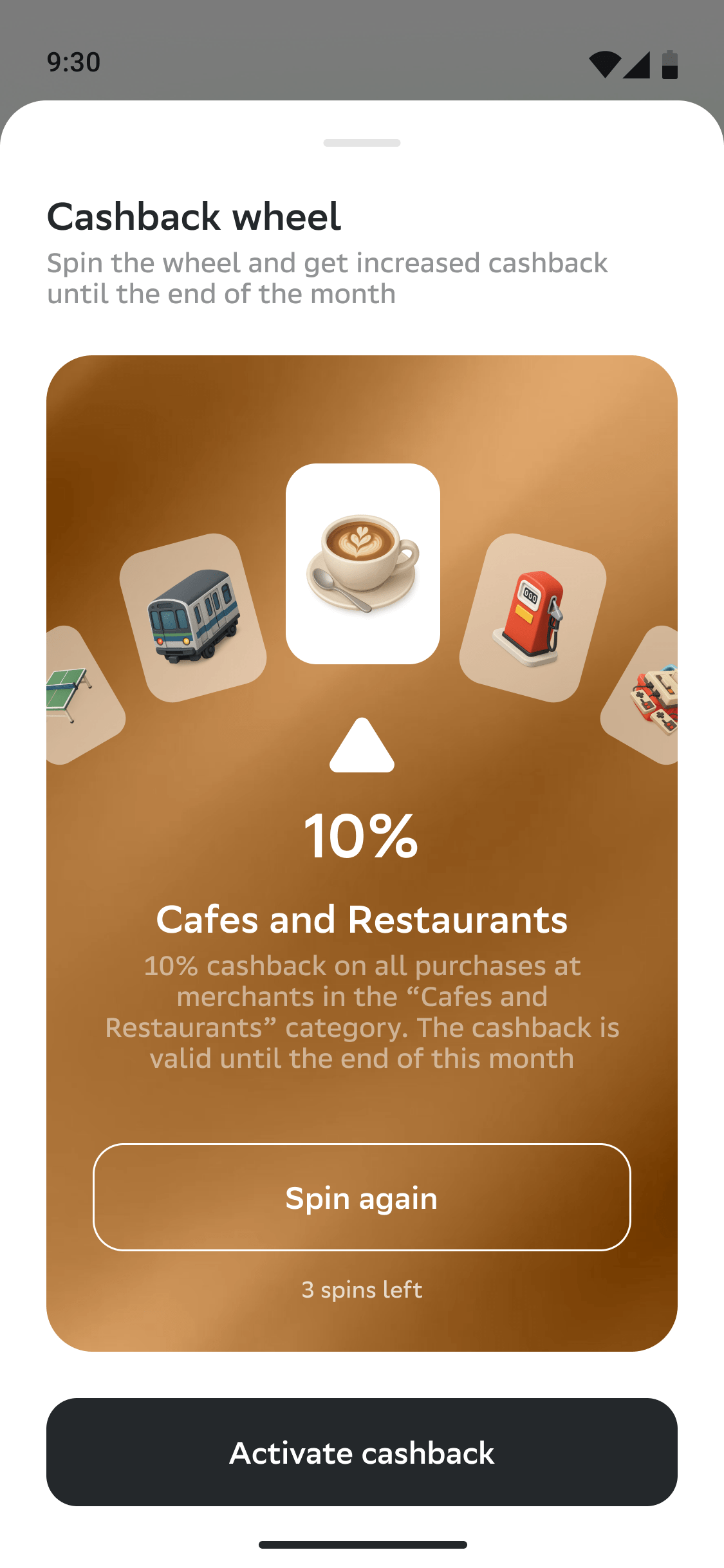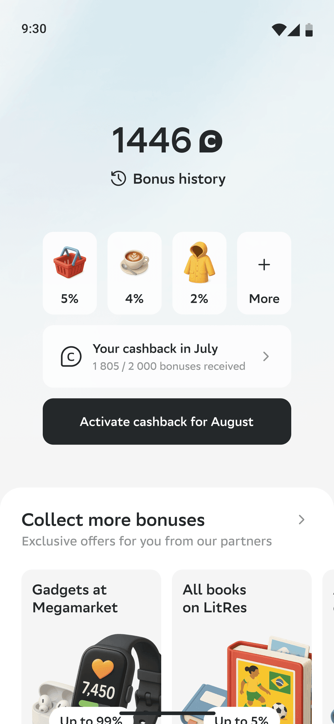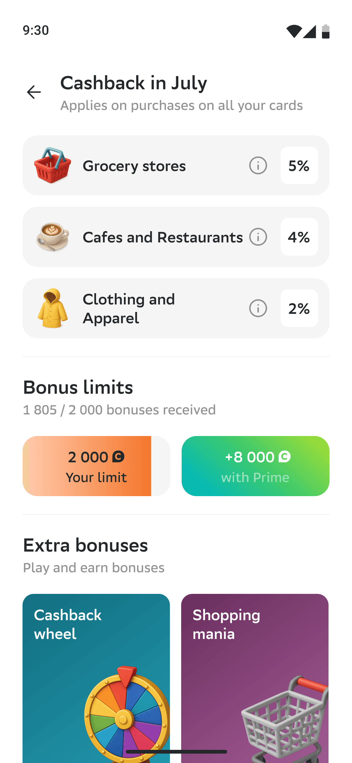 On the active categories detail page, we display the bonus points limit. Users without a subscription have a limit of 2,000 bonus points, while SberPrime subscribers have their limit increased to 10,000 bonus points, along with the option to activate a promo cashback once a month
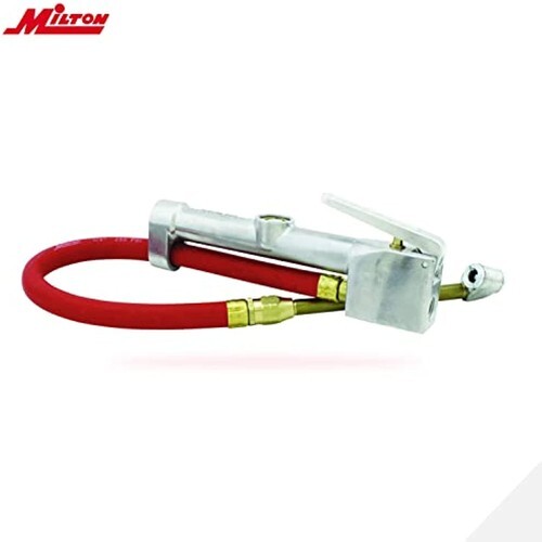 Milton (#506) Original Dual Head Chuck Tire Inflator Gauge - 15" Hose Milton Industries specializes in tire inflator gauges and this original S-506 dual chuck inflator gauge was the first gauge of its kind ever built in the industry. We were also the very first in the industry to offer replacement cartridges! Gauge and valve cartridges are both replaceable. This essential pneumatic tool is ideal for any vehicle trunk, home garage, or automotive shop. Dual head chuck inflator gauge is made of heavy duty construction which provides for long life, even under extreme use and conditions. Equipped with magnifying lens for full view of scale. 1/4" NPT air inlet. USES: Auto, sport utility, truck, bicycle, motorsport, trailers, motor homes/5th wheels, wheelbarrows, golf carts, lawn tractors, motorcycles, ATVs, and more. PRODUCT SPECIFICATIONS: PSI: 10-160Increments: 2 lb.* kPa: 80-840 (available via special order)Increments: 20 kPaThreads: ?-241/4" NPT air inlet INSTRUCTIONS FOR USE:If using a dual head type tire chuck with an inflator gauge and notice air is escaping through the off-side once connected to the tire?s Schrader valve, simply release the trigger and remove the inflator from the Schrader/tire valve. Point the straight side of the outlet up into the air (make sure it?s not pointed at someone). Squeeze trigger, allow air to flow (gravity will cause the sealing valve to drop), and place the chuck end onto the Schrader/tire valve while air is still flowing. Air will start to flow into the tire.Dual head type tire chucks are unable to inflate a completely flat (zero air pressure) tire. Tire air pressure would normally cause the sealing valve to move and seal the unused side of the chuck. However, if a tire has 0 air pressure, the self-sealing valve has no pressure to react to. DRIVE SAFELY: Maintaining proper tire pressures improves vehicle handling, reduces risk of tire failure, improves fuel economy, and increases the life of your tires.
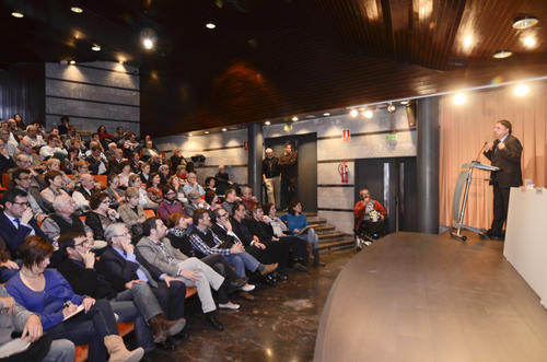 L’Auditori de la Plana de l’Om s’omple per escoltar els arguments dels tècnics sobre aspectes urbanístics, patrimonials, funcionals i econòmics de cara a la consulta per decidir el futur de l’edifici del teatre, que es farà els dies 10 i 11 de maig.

(Problem to work on) Please write the data out again exactly, but do not carry over the pictures.

(Completed task)
 On the active categories detail page, we display the bonus points limit. Users without a subscription have a limit of 2,000 bonus points, while SberPrime subscribers have their limit increased to 10,000 bonus points, along with the option to activate a promo cashback once a month
 Milton (#506) Original Dual Head Chuck Tire Inflator Gauge - 15" Hose Milton Industries specializes in tire inflator gauges and this original S-506 dual chuck inflator gauge was the first gauge of its kind ever built in the industry. We were also the very first in the industry to offer replacement cartridges! Gauge and valve cartridges are both replaceable. This essential pneumatic tool is ideal for any vehicle trunk, home garage, or automotive shop. Dual head chuck inflator gauge is made of heavy duty construction which provides for long life, even under extreme use and conditions. Equipped with magnifying lens for full view of scale. 1/4" NPT air inlet. USES: Auto, sport utility, truck, bicycle, motorsport, trailers, motor homes/5th wheels, wheelbarrows, golf carts, lawn tractors, motorcycles, ATVs, and more. PRODUCT SPECIFICATIONS: PSI: 10-160Increments: 2 lb.* kPa: 80-840 (available via special order)Increments: 20 kPaThreads: ?-241/4" NPT air inlet INSTRUCTIONS FOR USE:If using a dual head type tire chuck with an inflator gauge and notice air is escaping through the off-side once connected to the tire?s Schrader valve, simply release the trigger and remove the inflator from the Schrader/tire valve. Point the straight side of the outlet up into the air (make sure it?s not pointed at someone). Squeeze trigger, allow air to flow (gravity will cause the sealing valve to drop), and place the chuck end onto the Schrader/tire valve while air is still flowing. Air will start to flow into the tire.Dual head type tire chucks are unable to inflate a completely flat (zero air pressure) tire. Tire air pressure would normally cause the sealing valve to move and seal the unused side of the chuck. However, if a tire has 0 air pressure, the self-sealing valve has no pressure to react to. DRIVE SAFELY: Maintaining proper tire pressures improves vehicle handling, reduces risk of tire failure, improves fuel economy, and increases the life of your tires.
 L’Auditori de la Plana de l’Om s’omple per escoltar els arguments dels tècnics sobre aspectes urbanístics, patrimonials, funcionals i econòmics de cara a la consulta per decidir el futur de l’edifici del teatre, que es farà els dies 10 i 11 de maig.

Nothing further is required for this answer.